Long-time readers will know that I am a bit of a fan of Andrew Norriss: you can read my reviews of his previous books here. So I was delighted to receive his new book – or I would have been, if my wife hadn’t grabbed it off me and declared her intention to read it first. Luckily, one feature of his writing is its narrative zip: you pick up the story, intending to read the first chapter, and two hours later you realise you’re past half way and you really rather wouldn’t stop now so, sometime around 3am, you finish the book and promise yourself that you really won’t do that the next time. Only you do. My wife did it first, which at least meant that I didn’t have to wait too long to get my hands on Mike, and then, despite my every resolution, I did it too. So, it’s your fault, Andrew, that I had a sleep-sore head for the next two days!

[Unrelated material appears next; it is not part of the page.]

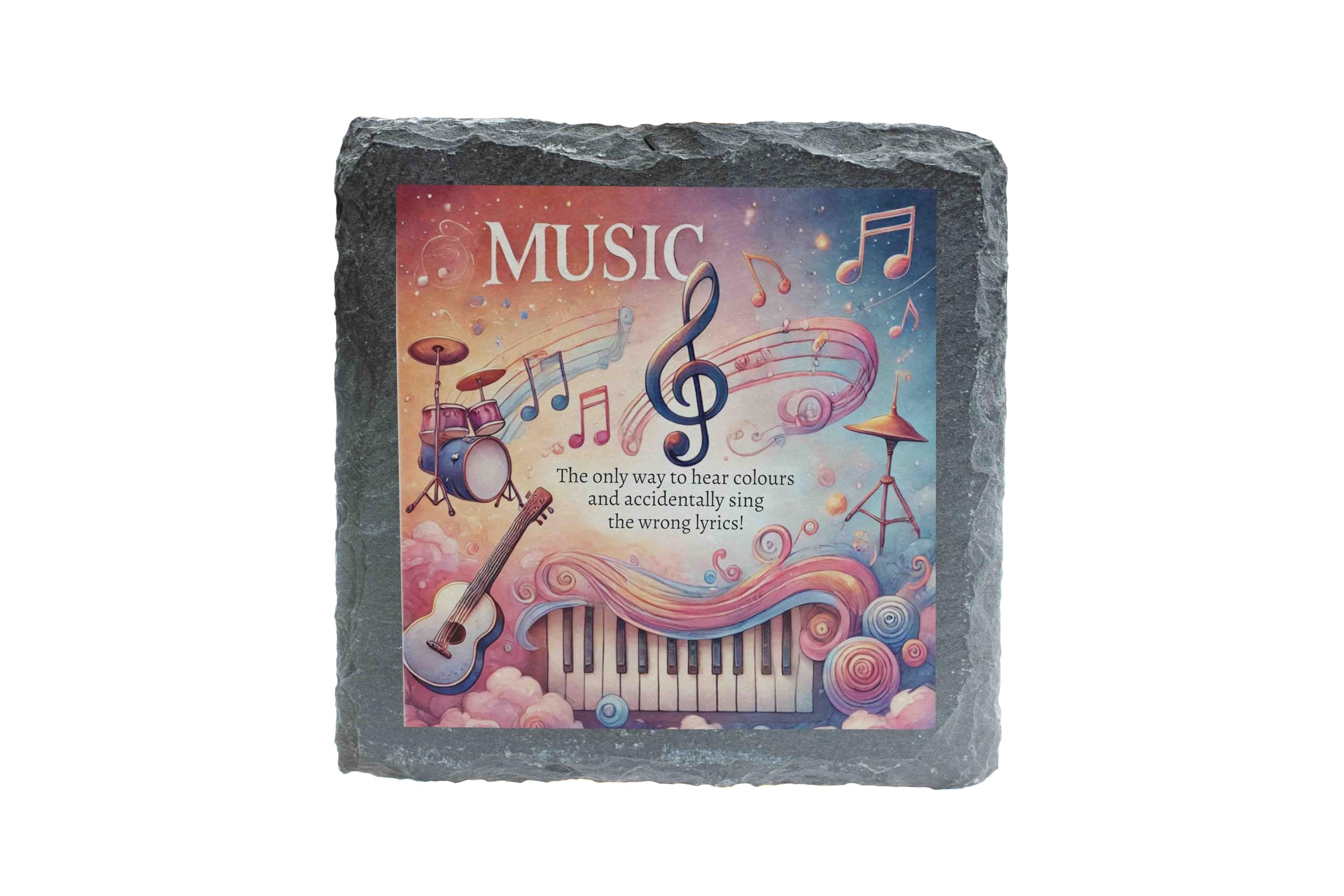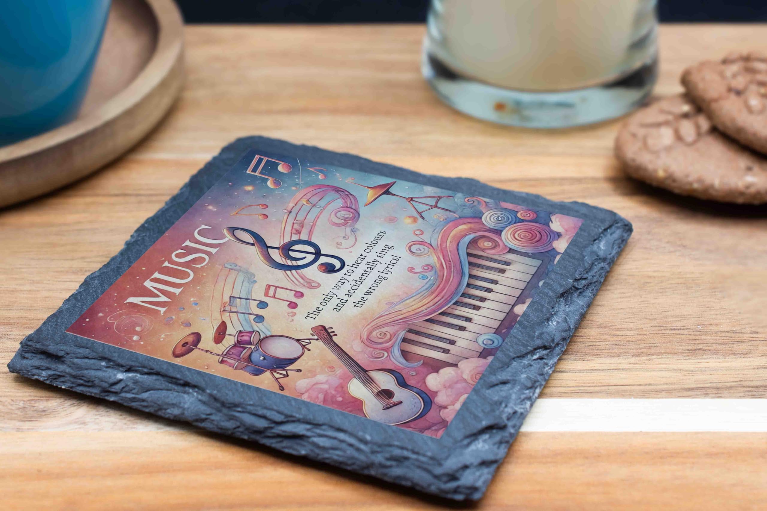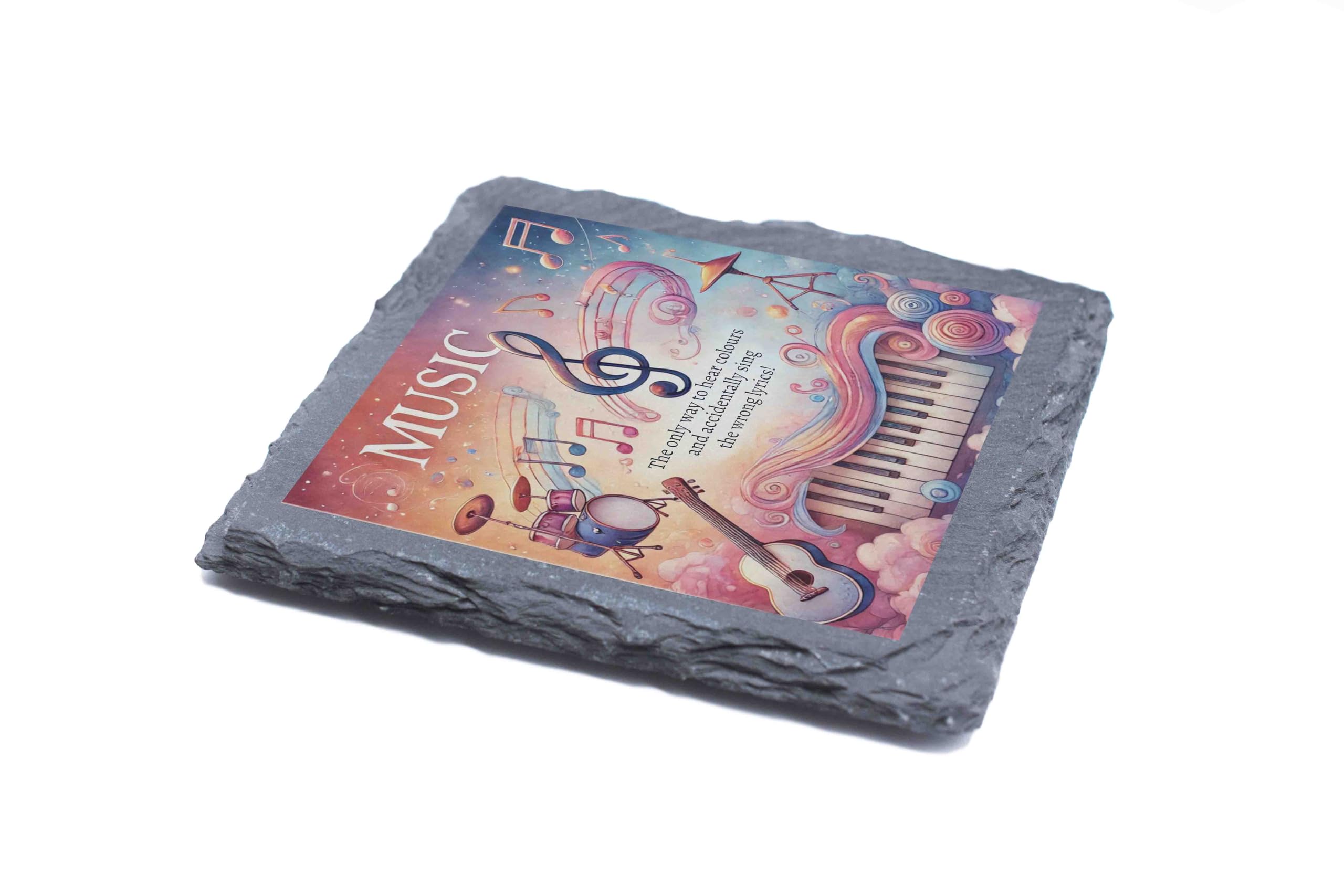 Celebrate your love for music with this Slate Coaster with Music Design, adorned with a creative and inspirational message: "The only way to hear colours and accidentally sing the wrong lyrics." The vibrant illustration features flowing musical elements, a piano, guitar, and drum set, creating a dreamy composition perfect for music enthusiasts. Handcrafted from durable natural slate, this coaster not only safeguards your surfaces but also enhances your decor with its artistic and rustic appeal. Whether you're enjoying a cup of coffee during practice or adding a touch of creativity to your studio, this coaster is both practical and beautiful. Gift it to your favorite musician, singer, or music lover for a memorable and thoughtful gesture that harmonizes style and sentiment.

Andrew Norriss is unusual, possibly unique, among writers in writing dramas of the good. In his books, there are almost always no bad people, just decent folk trying to do what is right. So where’s the story in that? Stories require conflict, right? Well, yes, but conflict can come from conflicting ideas, between good and honourable people, of what actually is the right course, and this is the dramatic seam that Norriss has been mining in his recent books. In Mike, a deceptively simple book, he goes even further in his exploration as to what constitutes the good. The story is straightforward. Floyd, a teenage tennis prodigy, realises that he simply doesn’t want to play tennis any longer. His parents, tennis professionals, want him to succeed at the sport to which he’s devoted most of his young life – but they are not the coaching monsters of news headlines, but decent parents wanting to do what’s best for their son. Floyd, for his part, is desperate not to let down his parents. That is the seed of the story, but from that sprouts surprisingly deep roots, for in his desperation to find a solution to his situation, Floyd meets a friend, Mike. But no one else can see Mike. And Mike isn’t going to let Floyd play tennis any longer, taking increasingly direct action to stop Floyd when he gets on the tennis court. To try to get to the bottom of this, Floyd sees a psychologist (the one character in the book I didn’t like, since he bore far too close a resemblance to the most irritating character in history, Counsellor Deanna Troi in Star Trek: The Next Generation, to whose face of simpering empathy the natural human response is a swift slap).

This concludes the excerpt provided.